Tiny took a quick step forward, the growl rising in his throat.
“No, Tiny,” Conrad said softly. “No.”
Duncan surged to his feet.
“They’ve been around the last hour or so,” said Conrad. “Prowling in the dark. But this is the first we’ve seen.”
“Why didn’t you call me sooner?”
“No need, m’lord. Tiny and me were watching. They were looking us over only.”
“Many of them? More than this one?”
“More than one, I think. Not many.”
Duncan put more wood on the fire. Tiny was pacing around the campfire circle.
Conrad spoke to the dog. “Come in. Tame down. No more of them tonight.”
“How do you know there’ll be no more tonight?” asked Duncan.
“They just looked us over.
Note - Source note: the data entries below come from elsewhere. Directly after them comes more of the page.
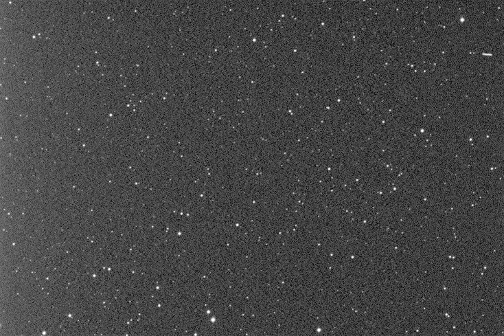En esta imagen se ve la traza del asteroide sobre el fondo estrellado: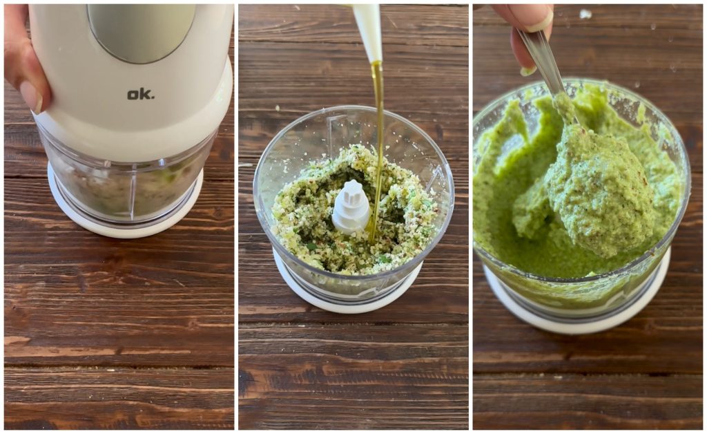 • Recomendo adicionar o pesto um pouco de cada vez porque pode não ser necessário usar tudo.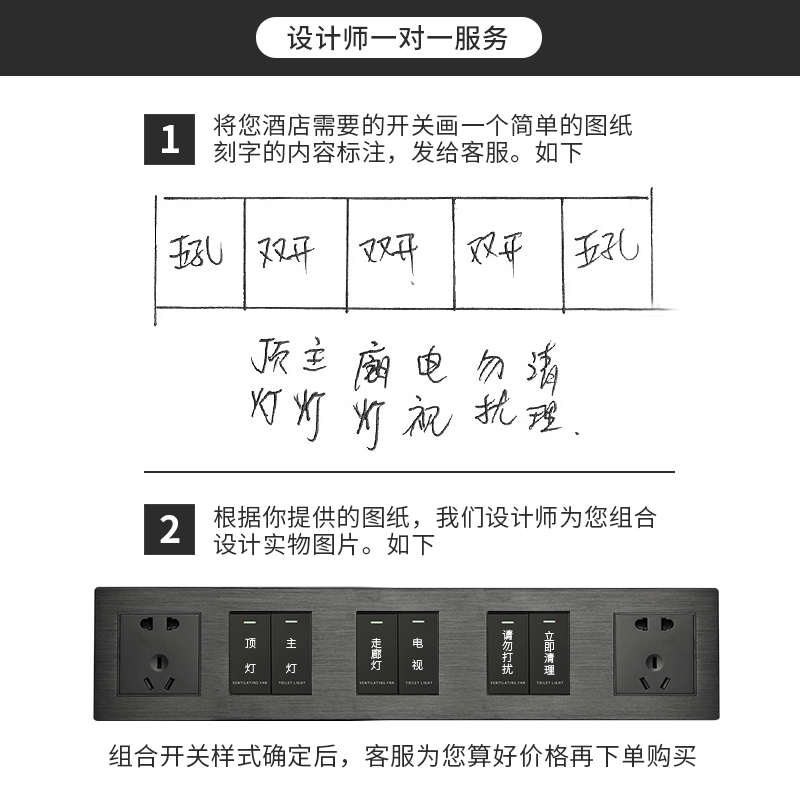 Customized hotel bedside table control panel one-piece switch socket combination hotel with printed engraving room 86 type joint

But now they’ve decided not to tackle us tonight. Maybe later on.”
“How do you know all this?”
“Don’t know. Just guess is all. A feeling in the bones.”
“They have something planned for us,” said Duncan.
“Maybe,” Conrad said.
“Conrad, do you want to turn back?”
Conrad grinned viciously. “Just when it’s getting
good?” he asked.
“I mean it,” Duncan told him. “There is danger here. I do not want to lead all of us to death.”
“And you, m’lord?”
“I’d go on, of course. Perhaps alone, I could make it. But I don’t insist that the rest of you …”
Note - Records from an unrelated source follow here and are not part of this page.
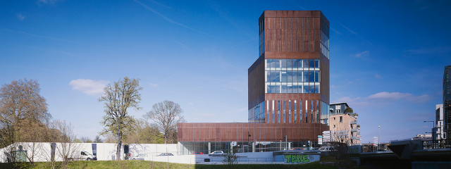 By extending and crossing the axes within the parcel, the initial extrusion was carved to obtain a kind of small tower. By completing the Avenue Le Corbusier, this vertical element is also a corner building on the Place Valladolid and it signals the city to drivers coming up from the beltway below. This architecture has created a new urban space that combines private and public, vertical and horizontal.
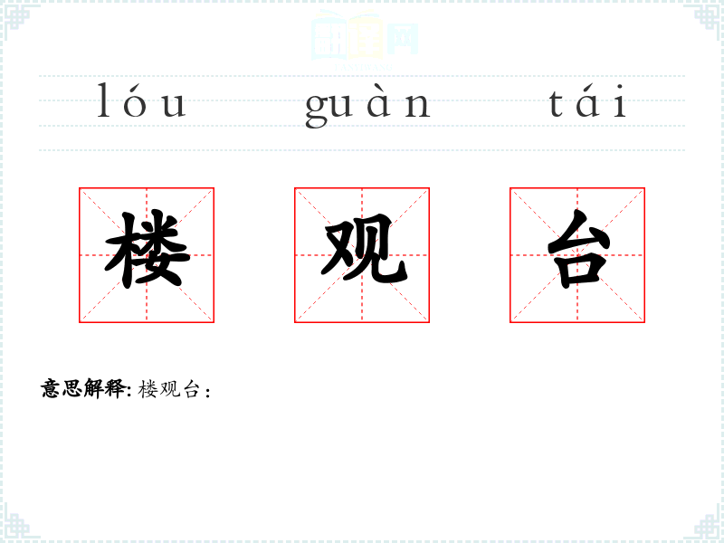 - 字面意思:楼观台通常指的是一种建筑结构,它是一个高台或平台,通常建在高处,用于观察或观赏周围的景色。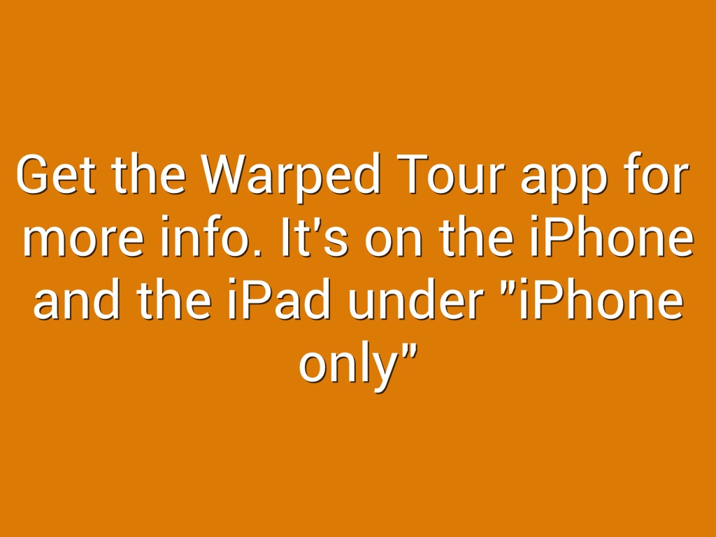 Get the Warped Tour app for more info. It's on the iPhone and the iPad under "iPhone only"

“The old lord, he said take care of you. He’d skin me alive should I come back without you.”
“Yes, I know,” said Duncan. “It has been that way since the time that we were boys.”
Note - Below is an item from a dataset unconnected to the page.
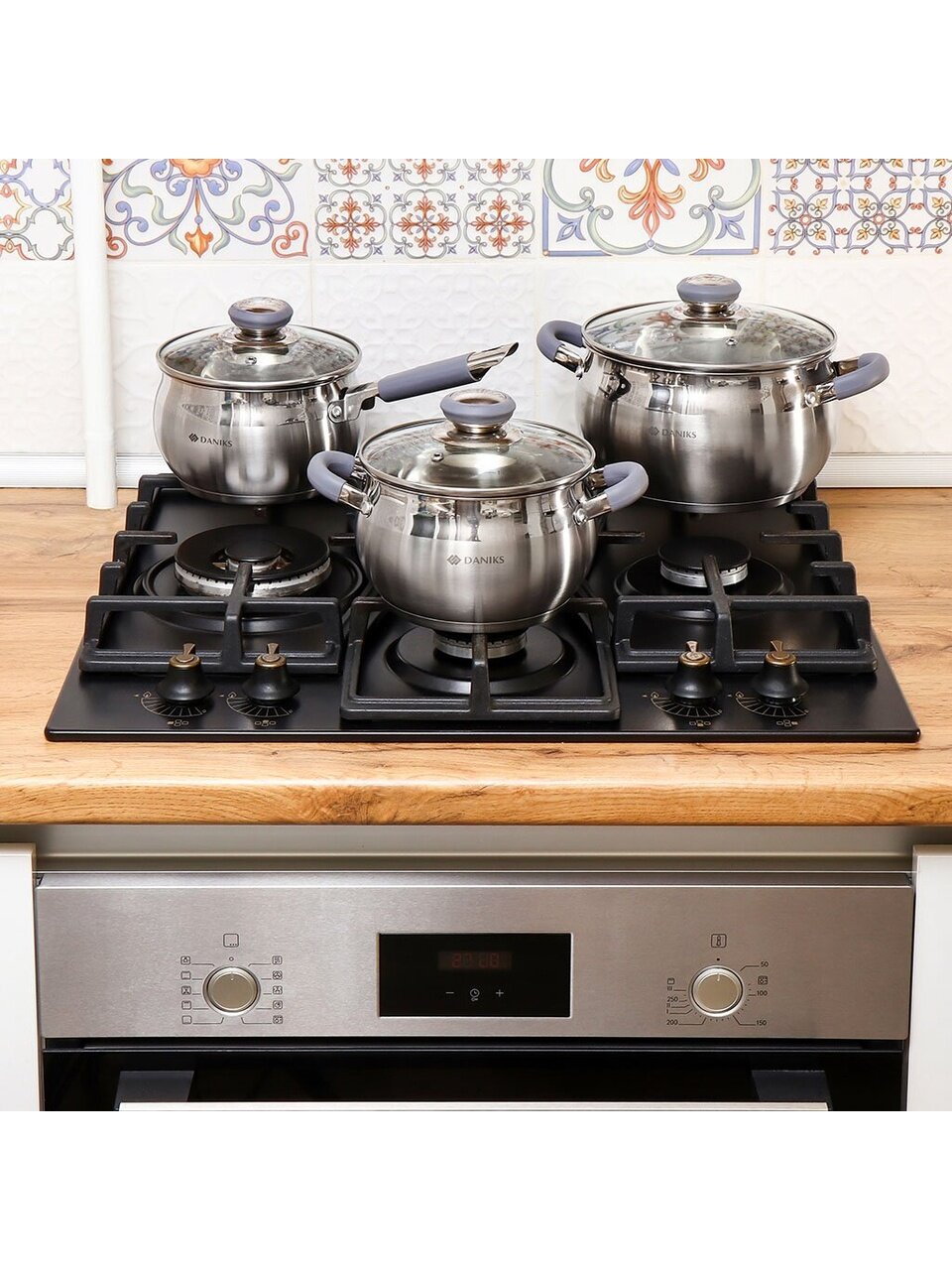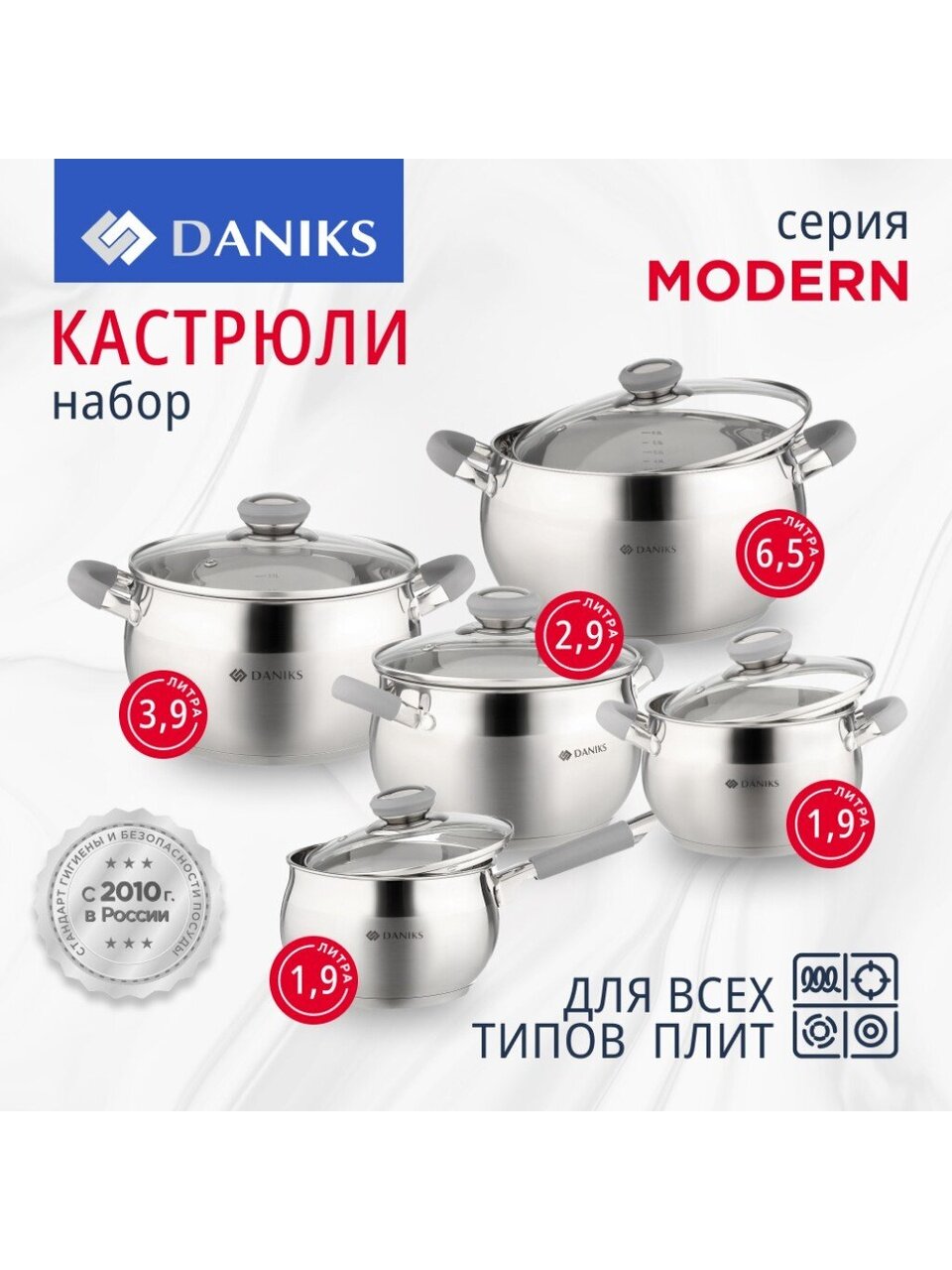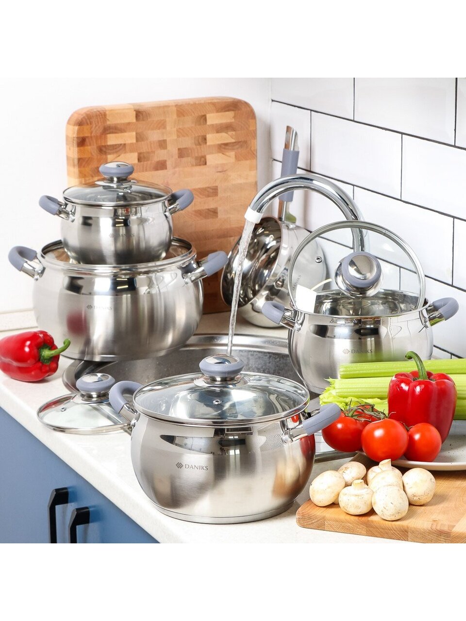 Как выбрать набор посуды для индукционной плиты? Daniks Модерн серый — это продуманный комплект из 10 предметов, где каждая кастрюля и ковш выполнены из прочной нержавеющей стали. Стеклянные крышки позволяют наблюдать за процессом готовки, а эргономичные ручки обеспечивают комфортное использование. Благодаря отсутствию антипригарного покрытия, посуда подходит для любителей классической кулинарии и легко очищается даже после активной эксплуатации.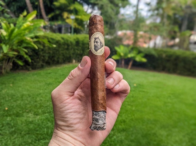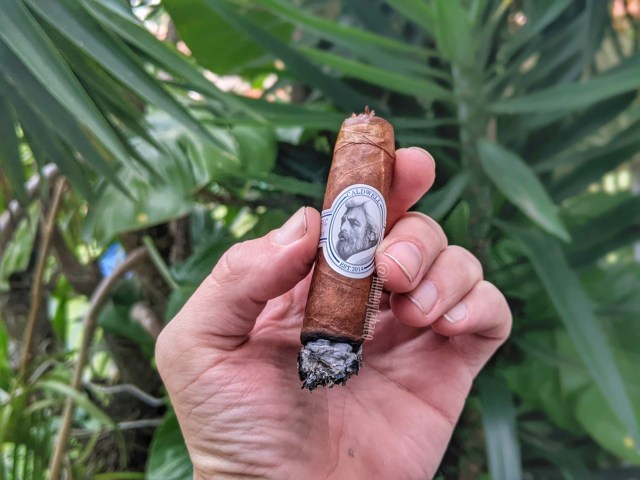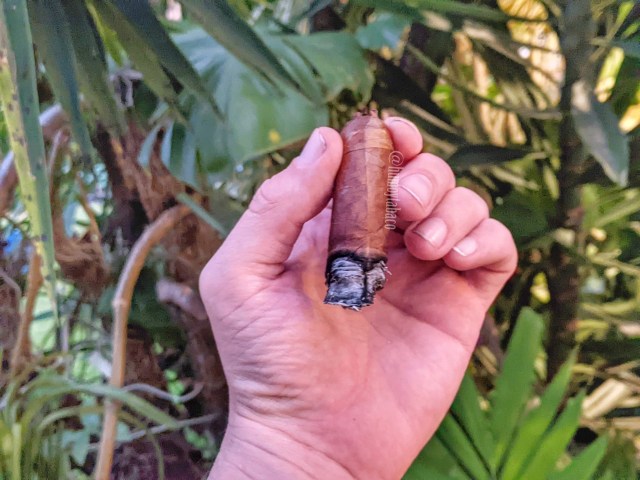 Algo que me llamó mucho la atención de este cigarro pero que no destaqué en menciones anteriores es que la capa se siente muy flexible… es como que no se rompe del todo, sino que se estira. Cuando le hice el corte para encenderlo, lo hice con una guillotina en V de corte superficial, especialmente porque sabía que no podía hacerle un corte profundo y porque esa ligereza del cigarro me asustaba un poco. Así que el corte no pasó perfectamente por el cigarro, pero sí dejó una línea como esta guillotina suele hacer, especialmente porque no va tan profundo. Pero el hecho es que quedó algo de capa luego del corte que no sabía si picar con la guillotina plana, con la tijera o simplemente dejarla (que fue lo que hice), pero fumando se fue aplanando y pegando mejor. Pero al comenzar el segundo tercio, este pedacito de capa decidió desenrollarse del cigarro y la perilla pasó a como quedó en la imagen. No pareció afectar sabores, pero la sensación fue algo incómoda. Digo esto porque el cigarro no mejoró pero tampoco pareció empeorar, con sabores a vainilla, grama, paja, madera seca y no mucho más.

“The hermit,” Conrad said. “Maybe the hermit would go back. He’s been bitching ever since we started.”
“The hermit,” Duncan told him, “is a self-proclaimed soldier of the Lord. He needs this to restore his self-respect. He feels he was a failure as a hermit. Scared witless, he’d still not turn back unless the others of us did.”
“Then we go on,” said Conrad. “Three comrades-in-the-arms. But what about the witch?”
“She can make her choice. She hasn’t much to lose, one way or another. She had nothing when we found her.”
So, no matter what Ghost may have told them, Duncan thought, it was not only the hairless ones who were watching and keeping track of them. Meg had been right. The others were about, had been there all night, perhaps, watching from the darkness. Even when he’d sat beside the campfire during that first watch, they had been out there without his knowing it. And what was more, without Tiny’s knowing it. Only the witch had known it. And strange as it might seem, she had not been greatly perturbed by it. Despite knowing they were there, she had curled up beside the saddle and the packs and had slept like a baby, making those little crying noises that had made her seem more babylike.
Perhaps she had sensed somehow that they were safe, that there’d be no attack. And how could she have known, he wondered, and why had those others not attacked? Huddled as they were around the campfire, one swift rush from the outer darkness would have taken care of them—there would have been no way a small party such as they could have stood them off.
And in the days ahead, how would they stand them off? Surely there would come a time when the Harriers would set out to kill them. They would stay vigilant, of course, but vigilance was not the entire answer. If enough of the Harriers were willing to meet death themselves, they could do the job.